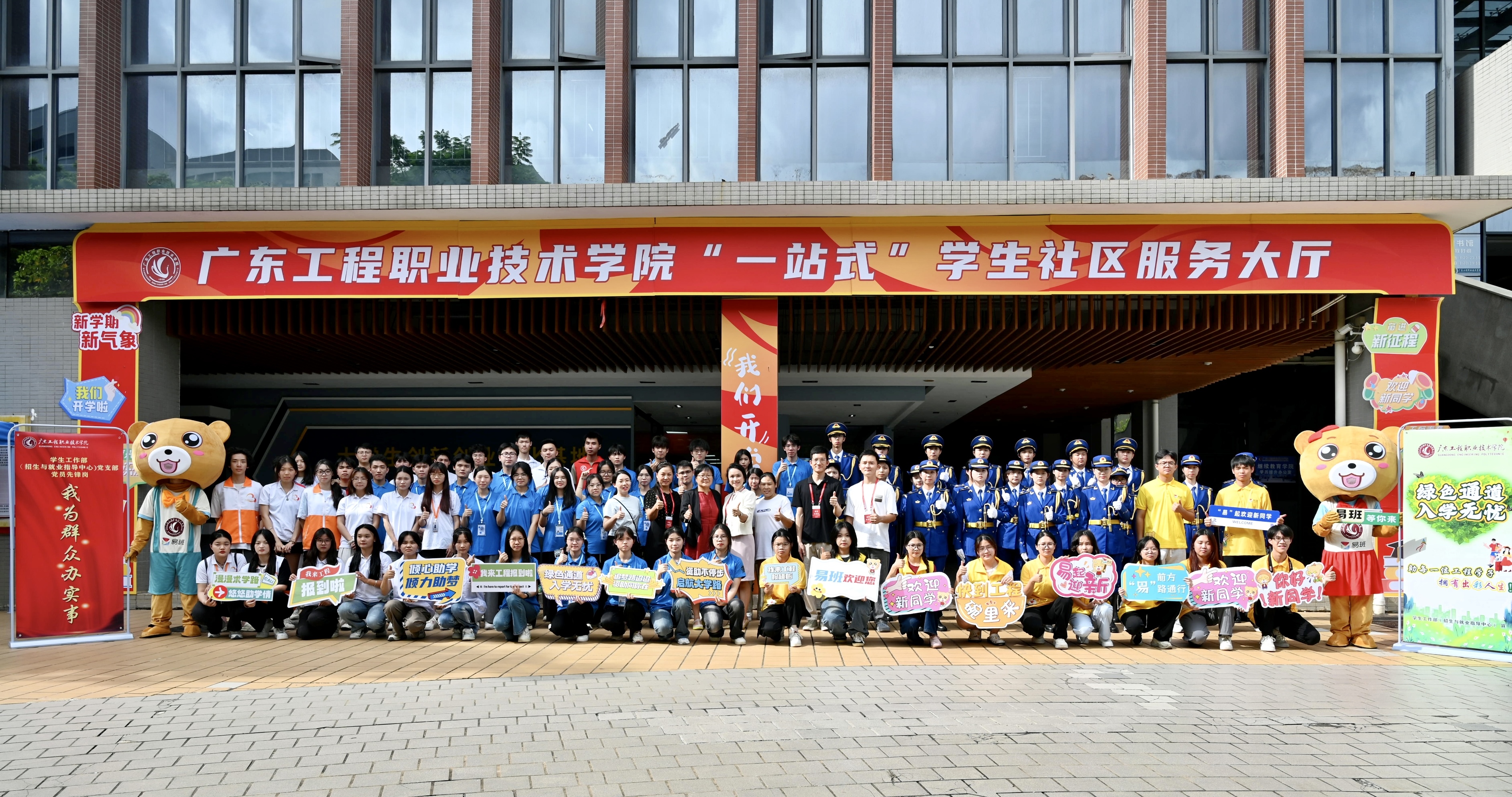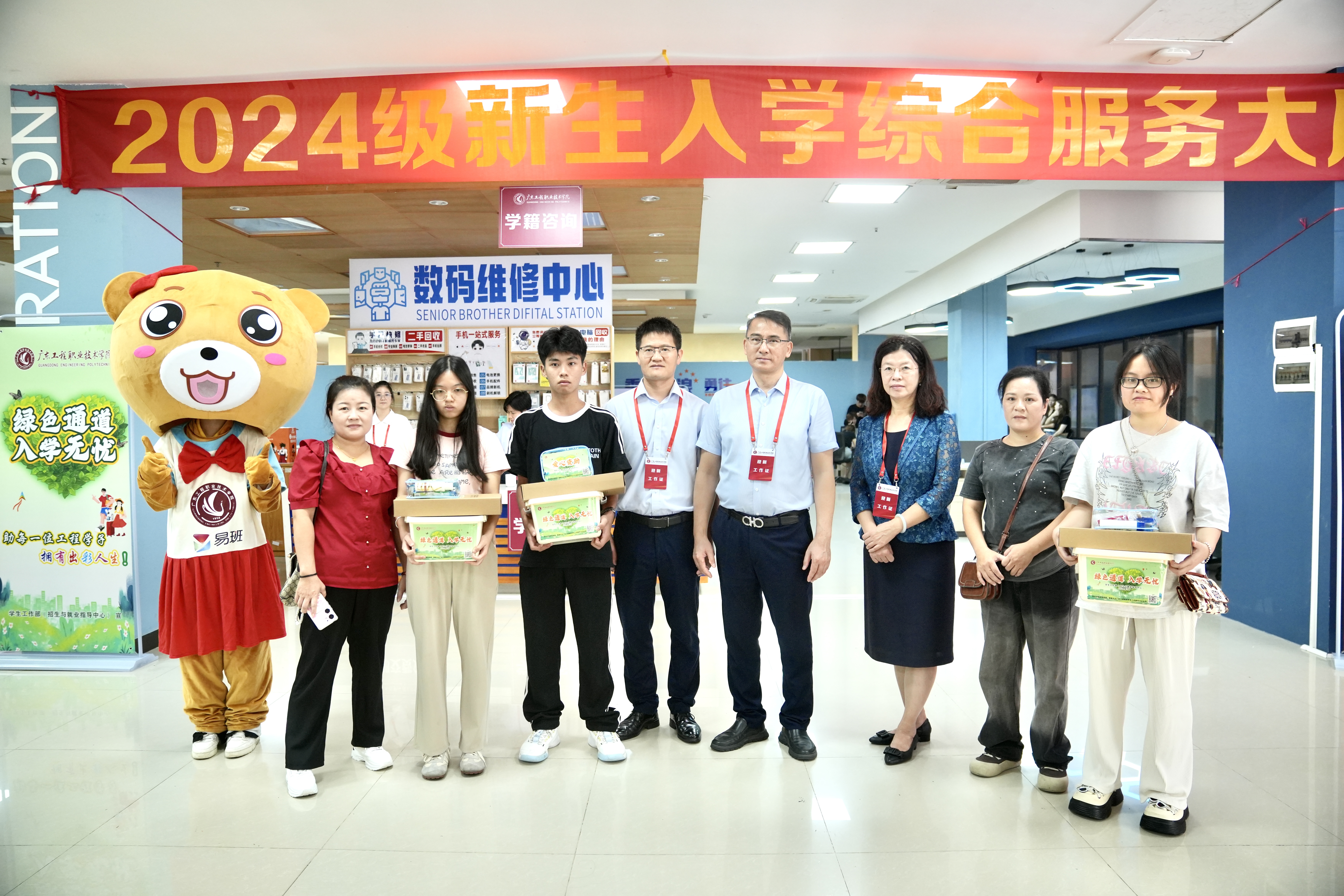 党员先锋讲奉献。聚焦迎新现场,党员先锋们化身“新生向导”,携手职能部门在 “一式”学生社区服务大厅,现场为新生及家长解决各类问题。大厅内,开设资助政策、勤工助学业务办理咨询窗口,宣传部(武装部)积极宣传退伍政策,教务部设立学籍咨询窗口,财务部设置便捷的学费缴纳点,为新生提供全方位的入学学习生活保障。同时,对于有残障的学生,学校也提前进行了周到的安排,提供了暖心服务,确保他们全程无忧。学校易班发展中心吉祥物“易班熊”与新生及家长合影留念,留下了美好的瞬间。这些举措不仅传递了学校的温暖与关怀,也彰显了学校以人文关怀为核心的教育理念和社会责任感。
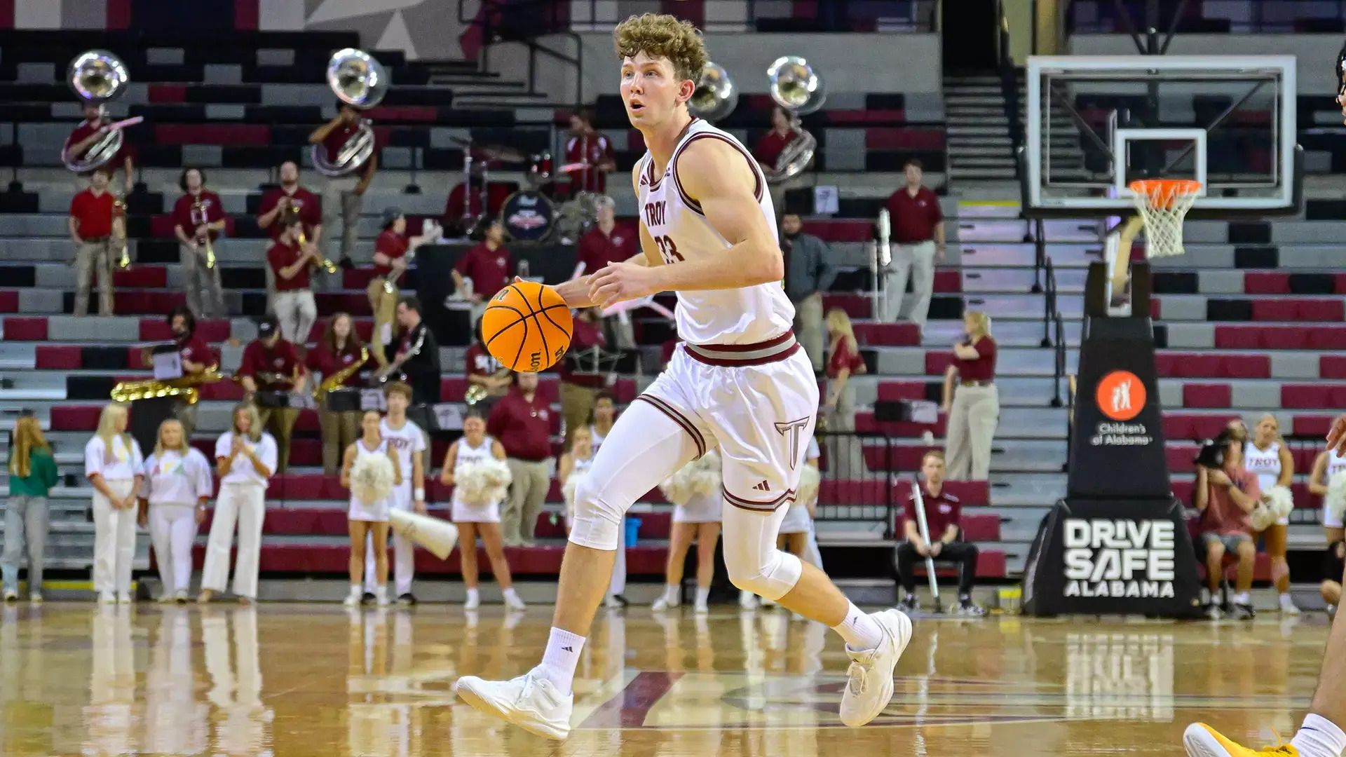 Five Trojans scored in double figures as the 2025-26 Troy men's basketball team opened its campaign with a thrilling overtime win on the road, defeating Kent State on Monday night, 103-97.
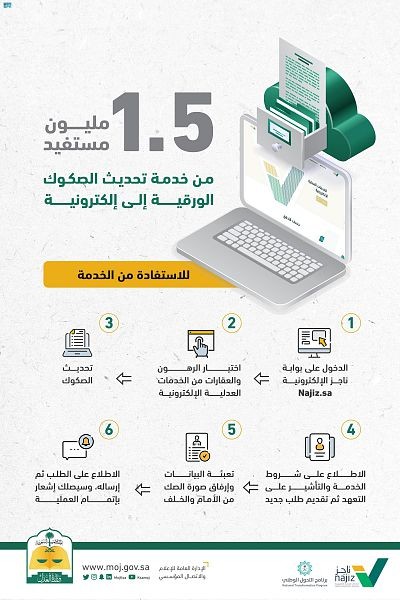 كشفت وزارة العدل أن عدد المستفيدين من خدمة تحديث الصكوك الورقية إلى إلكترونية، تجاوز الـ 1.5 مليون مستفيد، في ظل تطوير الخدمة وتحسين جودتها من خلال تسهيل و تبسيط الإجراءات.
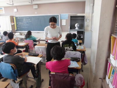 5年生 担任と社会科の学習をしたり、 教頭先生と習字の学習をしたりします。「草原」と書いていました。
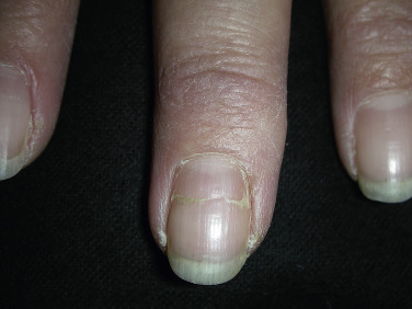 | Pterygium inversum (ventral) | Fusion of hyponychium to distal nail plate | Systemic sclerosis; stroke; acrylate allergy; trauma; systemic lupus erythematosus |
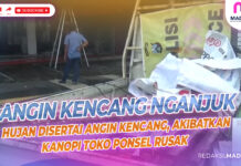 Hujan Disertai Angin Kencang, Akibatkan Kanopi Toko Ponsel Rusak
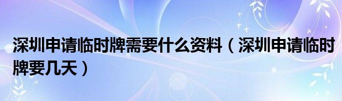 今日最新:大家好,小太来为大家解答以上的问题深圳申请临时牌需要什么资料,深圳申请临时牌要几天这个很多人还不知道,现在让我们一起来看看吧!
★ ★ ★ ★ ★
▶ **Action item**
Without including any picture, output all the material exactly as it appears.

▶ **Exercise response**
 党员先锋讲奉献。聚焦迎新现场,党员先锋们化身“新生向导”,携手职能部门在 “一式”学生社区服务大厅,现场为新生及家长解决各类问题。大厅内,开设资助政策、勤工助学业务办理咨询窗口,宣传部(武装部)积极宣传退伍政策,教务部设立学籍咨询窗口,财务部设置便捷的学费缴纳点,为新生提供全方位的入学学习生活保障。同时,对于有残障的学生,学校也提前进行了周到的安排,提供了暖心服务,确保他们全程无忧。学校易班发展中心吉祥物“易班熊”与新生及家长合影留念,留下了美好的瞬间。这些举措不仅传递了学校的温暖与关怀,也彰显了学校以人文关怀为核心的教育理念和社会责任感。
 Five Trojans scored in double figures as the 2025-26 Troy men's basketball team opened its campaign with a thrilling overtime win on the road, defeating Kent State on Monday night, 103-97.
 كشفت وزارة العدل أن عدد المستفيدين من خدمة تحديث الصكوك الورقية إلى إلكترونية، تجاوز الـ 1.5 مليون مستفيد، في ظل تطوير الخدمة وتحسين جودتها من خلال تسهيل و تبسيط الإجراءات.
 5年生 担任と社会科の学習をしたり、 教頭先生と習字の学習をしたりします。「草原」と書いていました。
 | Pterygium inversum (ventral) | Fusion of hyponychium to distal nail plate | Systemic sclerosis; stroke; acrylate allergy; trauma; systemic lupus erythematosus |
 Hujan Disertai Angin Kencang, Akibatkan Kanopi Toko Ponsel Rusak
 今日最新:大家好,小太来为大家解答以上的问题深圳申请临时牌需要什么资料,深圳申请临时牌要几天这个很多人还不知道,现在让我们一起来看看吧!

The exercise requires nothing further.